Answer
a) ${\bf 4.55\times 10^{-13}}\;\rm J $
b) ${\bf 2844}\;\rm rev$
Work Step by Step
$$\color{blue}{\bf [a]}$$
The maximum kinetic energy of the proton occurs when it is at maximum velocity which occurs when the proton reaches the edge diameter of the cyclotron.
$$K_{\rm max}=\frac{1}{2}mv_{\rm max}^2\tag 1$$
Now we need to find $v_{\rm max}$. We know that the only force exerted on the proton inside a cyclotron is the magnetic force which is given by
$$F_B=qvB\sin90^\circ=ma_r$$
where $a_r$ is the radial acceleration which is given by $v^2/R$, so
$$qvB=\dfrac{mv^2}{R}$$
$$q B=\dfrac{mv }{R}$$
$$q B=\dfrac{mv_{\rm max} }{R_{\rm max}}$$
Hence,
$$v_{\rm max} =\dfrac{q BR_{\rm max}}{m}$$
Plug into (1),
$$K_{\rm max}=\frac{1}{2}m\left[\dfrac{q BR_{\rm max}}{m}\right]^2$$
$$K_{\rm max}= \dfrac{q^2 B^2R^2_{\rm max}}{2m} $$
Plug the known;
$$K_{\rm max}= \dfrac{(1.6\times 10^{-19})^2 (0.75)^2 (32.5\times 10^{-2})^2 }{2(1.67\times 10^{-27})} $$
$$K_{\rm max}= \color{red}{\bf 4.55\times 10^{-13}}\;\rm J $$
$$\color{blue}{\bf [b]}$$
To find the number of revolutions, we need to find the energy gained during one full cycle and then divide that by the maximum kinetic energy gained.

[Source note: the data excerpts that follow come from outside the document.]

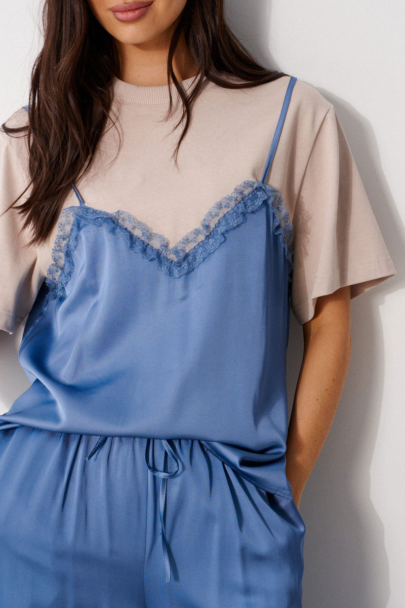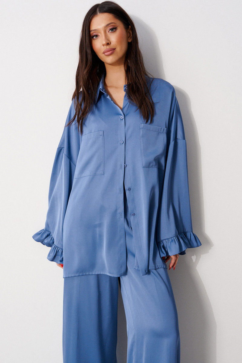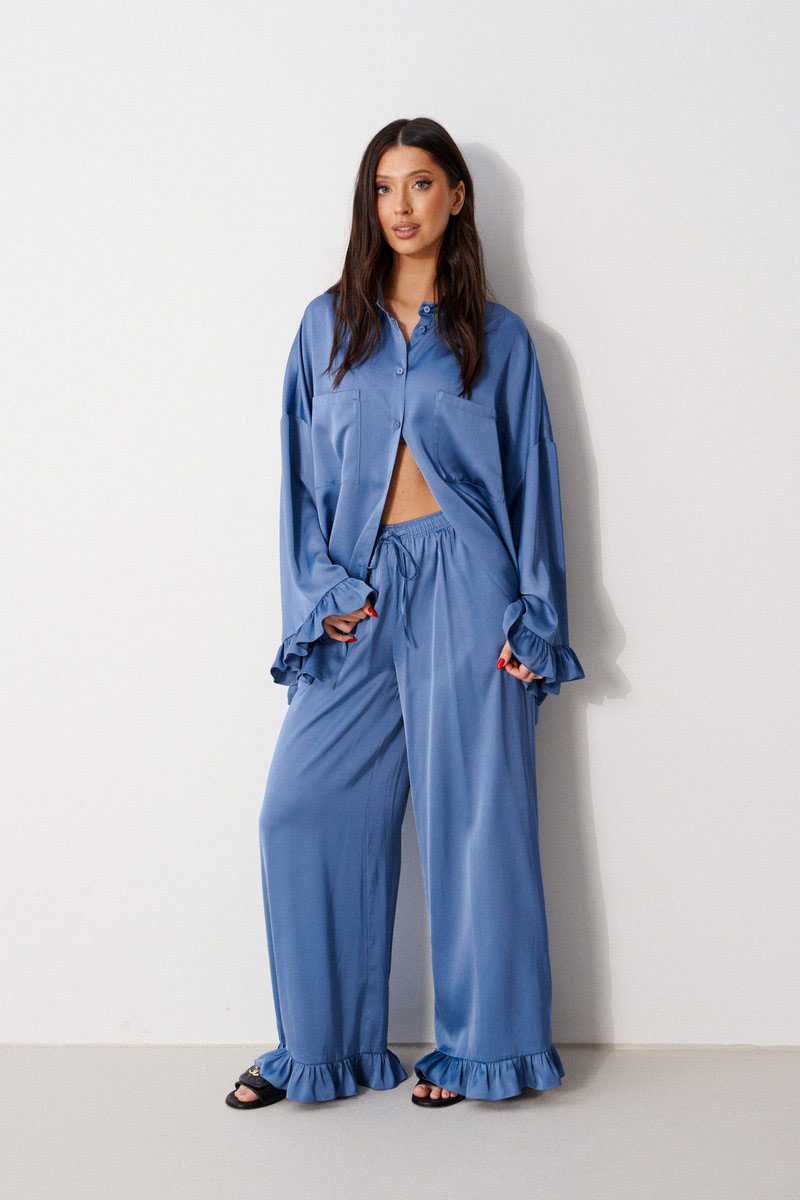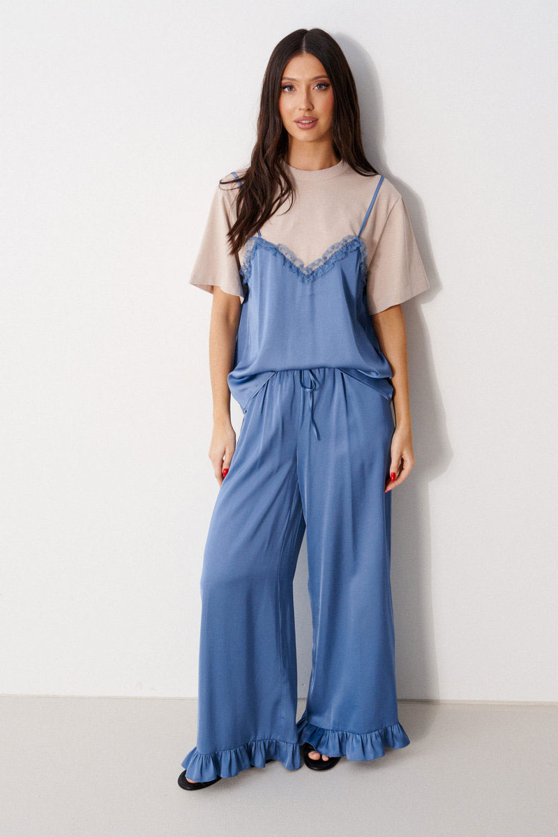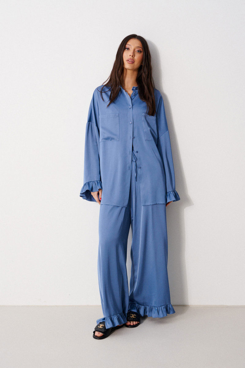 Брюки прямого свободного кроя, выполнены из струящейся ткани. Пояс брюк на резинке с кулиской, в боковых швах карманы, по низу изделия нашит волан.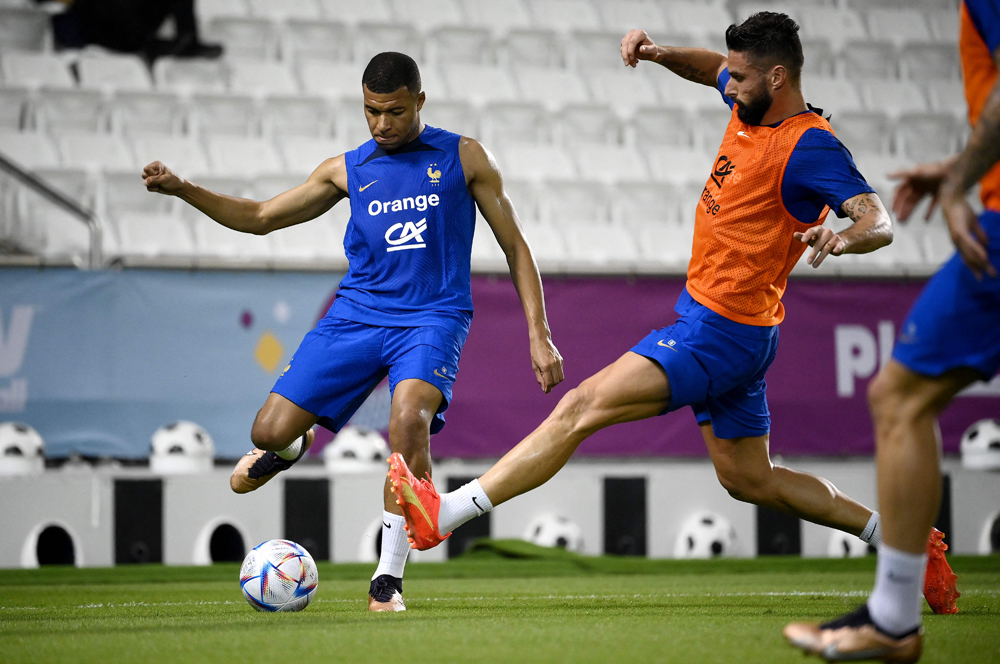 Kylian Mbappe (left) and Olivier Giroud during a training session yesterday. AFP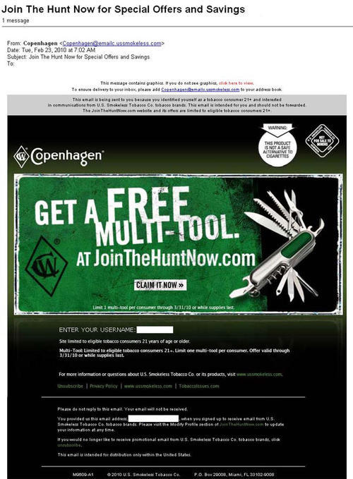 Black and green colored e-mail from Copenhagen received in February 2010 promoting an offer for a free multi-tool gift from the brand's website. "Get a free multi-tool at JoinTheHuntNow.com"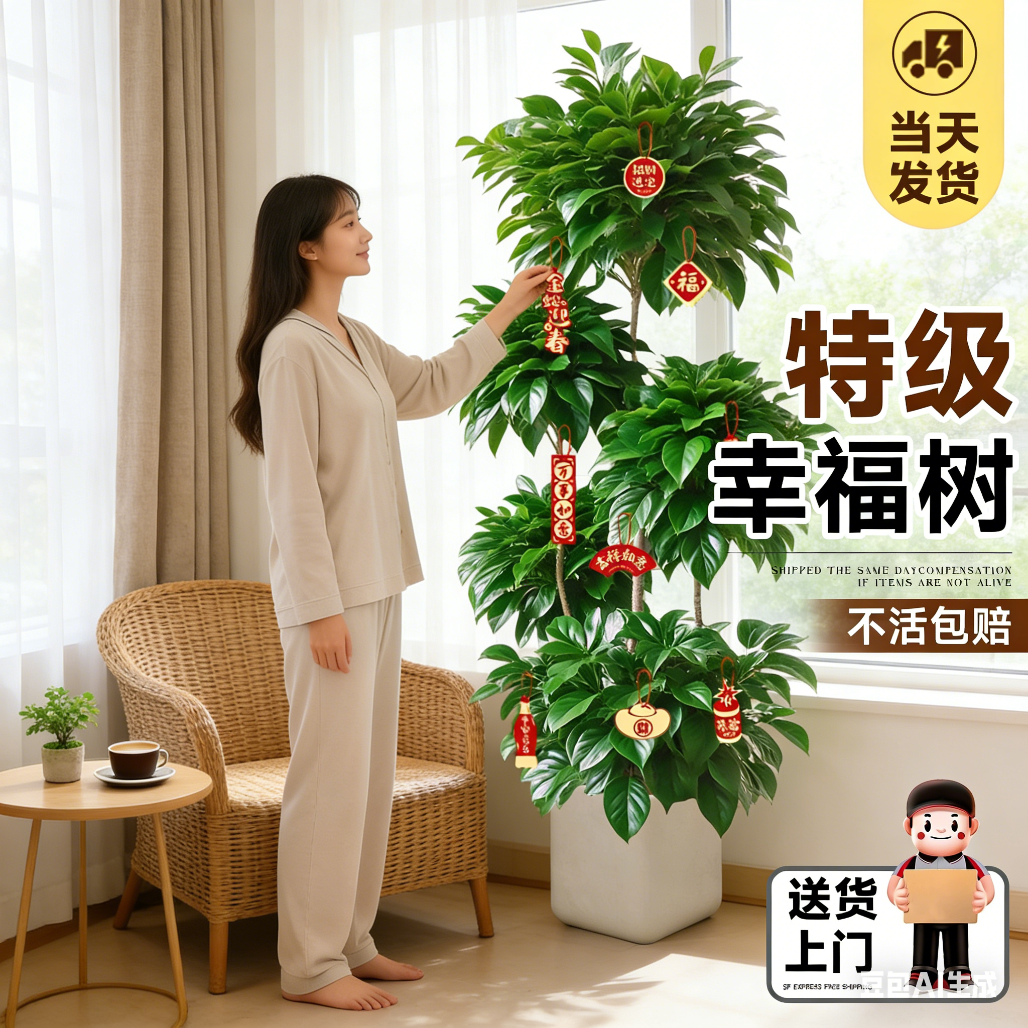 幸福树客厅盆栽大型室内多层植物乔迁好养净化空气四季常青平安树

The energy gained in on full cycle is given by
$$U_{\rm cycle}=2q\Delta V$$
the 2 is because that the proton accelerates through the potential difference of 500 V two times during one full cycle.
Hence,
$$N=\dfrac{K_{\rm max}}{U_{\rm cycle}}=\dfrac{K_{\rm max}}{2q\Delta V}$$
Plug the known;
$$N= \dfrac{4.55\times 10^{-13} }{2(1.6\times 10^{-19})(500)}$$
$$N=\color{red}{\bf 2844}\;\rm rev$$